Губы Освальда снова дрогнули, но отнюдь не улыбкой; все же он ответил совершенно спокойно:
— О, конечно! Но ведь есть разница между тем, когда человек живет в доме как единственное, любимое дитя, как, например, вы и Эдмунд, или когда его берут в дом как чужого.
— Эдмунд смотрит на вас совсем как на родного брата, — заметила Гедвига. — Он очень горюет, что вы скоро хотите разлучиться с ним.
— Относительно меня Эдмунд, по-видимому, был очень словоохотлив, — холодно произнес Освальд. — Значит, он и об этом уже рассказал вам?
Гедвига слегка покраснела.
— Да ведь вполне естественно, что он знакомит меня со всеми взаимоотношениями в семье, в которую через некоторое время я должна буду вступить. Он жаловался, что все его старания уговорить вас остаться в Эттерсберге были тщетны!
— Остаться в Эттерсберге? — с нескрываемым изумлением повторил Освальд. — Серьезно думать мой брат совершенно не может. В качестве кого же я должен был бы остаться?
— В качестве старого друга и родственника. Молодой человек горько засмеялся.
— Вы не имеете представления о положении такого совершенно лишнего друга и родственника, в противном случае не предлагали бы мне терпеть его дольше, чем этого требует необходимость. Некоторые люди заблуждаются относительно удобств такой жизни. Я никогда не обладал способностью к этому. Вообще у меня не было намерения долго оставаться в Эттерсберге, а теперь и подавно нет — ни за что на свете!

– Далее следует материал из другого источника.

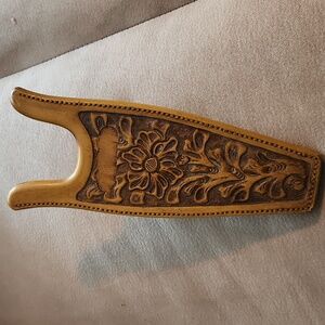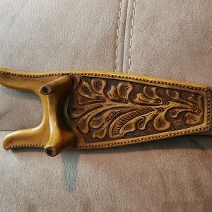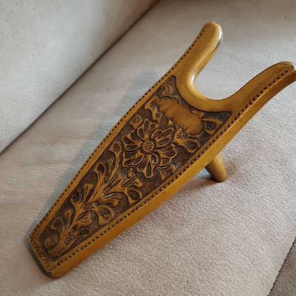 resin or plastic construction...used good condition 10.25 in long .4 in wide .. the boot jack opening is 2 1/4 to 1 3/4 in ...

При последних словах глаза Освальда загорелись. Это был странный, молниеносный луч, присутствия которого в этих холодных глазах даже нельзя было предположить. Он только на миг скользнул по девушке и тотчас же снова потух, и нельзя было сказать, что скрывалось в нем — во всяком случае не нежное восхищение, читать которое Гедвига привыкла во взгляде Эдмунда.
— Почему же именно теперь нет? — удивленно спросила она. — Что вы хотите этим сказать?

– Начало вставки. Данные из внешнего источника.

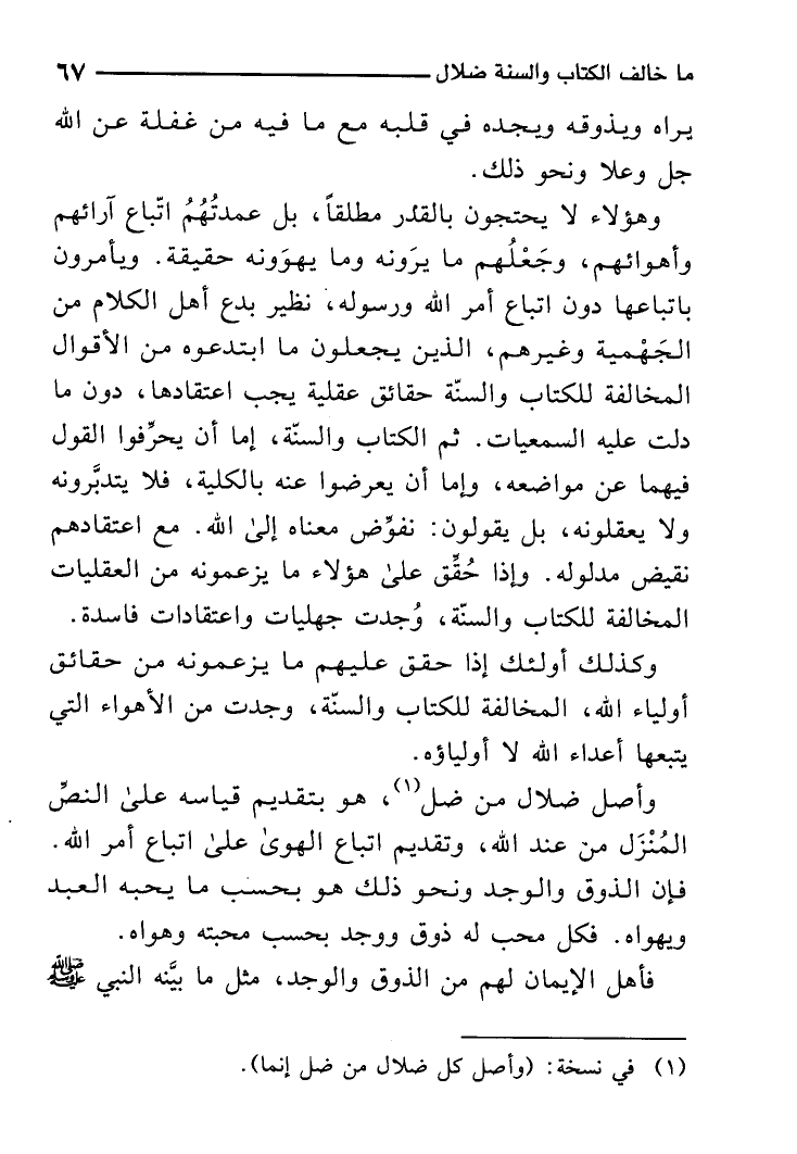 وأصل ضلال من ضل هُوَ بِتَقْدِيم قِيَاسه على النَّص الْمنزل من عِنْد الله وَتَقْدِيم اتِّبَاع الْهوى على اتِّبَاع أَمر الله فَإِن الذَّوْق والوجد وَنَحْو ذَلِك هُوَ بِحَسب مَا يُحِبهُ العَبْد ويهواه فَكل محب لَهُ ذوق وَوجد بِحَسب محبته وهواه.

— О, ничего, абсолютно ничего!.. Семейные обстоятельства, которые вам еще неизвестны, — поспешно ответил Освальд.
По-видимому, он досадовал на свою откровенность и, словно гневаясь на самого себя, сломал ветку, сорванную им с первого попавшегося кустика.
Гедвига молчала, но объяснение ее не удовлетворило. Она чувствовала, что внезапная страстность и горечь, с которыми у ее собеседника вырвались эти слова, имели другую причину. Может быть, они относились к ее вступлению в семью? Неужели и этот новый родственник с самого начала будет враждебно к ней относиться? И что должен был означать этот загадочный взгляд? Она все еще раздумывала над этим, между тем как Освальд отвернулся и смотрел в противоположную сторону.
Вдруг в вышине раздался отдаленный и нежный шум; он звучал, как птичье щебетанье, будучи в то же время протяжным и однозвучным. Гедвига и Освальд одновременно подняли глаза; высоко над ними порхала ласточка; затем она опустилась ниже, почти пронеслась над их головами, чуть не задев их на лету, и вдруг снова поднялась в недосягаемую высь. За первой последовала вторая, третья, и вслед за тем из туманной дали вынырнула целая стая, все приближаясь и приближаясь к ним. Они носились во влажном воздухе, кружились над горами и лесом, разлетались в разные стороны, словно приветствуя свою родину. Это были первые гонцы весны! В пустынных небесах вдруг наступило оживление. Легкими взмахами крыльев стройные, изящные птицы рассекали воздух, с быстротой молнии носились во все стороны, наполняя окрестности своим безумолчным и нежным щебетанием.
Гедвига очнулась от задумчивости; внезапно все отошло на задний план. Широко раскрыв свои блестящие глаза, она с восхищением и восторженностью ребенка воскликнула:
— Ах, милые ласточки!
— Да, действительно, это ласточки! — подтвердил Освальд. — Вы можете пожелать себе счастья; посмотрите, как они радостно приветствуют вас.
Словно ледяным дыханием мороза повеяло от холодного тона этих слов на светлую радость девушки; повернувшись, она печальным взглядом смерила своего рассудительного собеседника и промолвила:
— Вы, видно, вообще не понимаете, как можно радоваться чему бы то ни было. Во всяком случае, вы в таком грехе неповинны, и бедным ласточкам, наверное, никогда не уделяли ни малейшего внимания.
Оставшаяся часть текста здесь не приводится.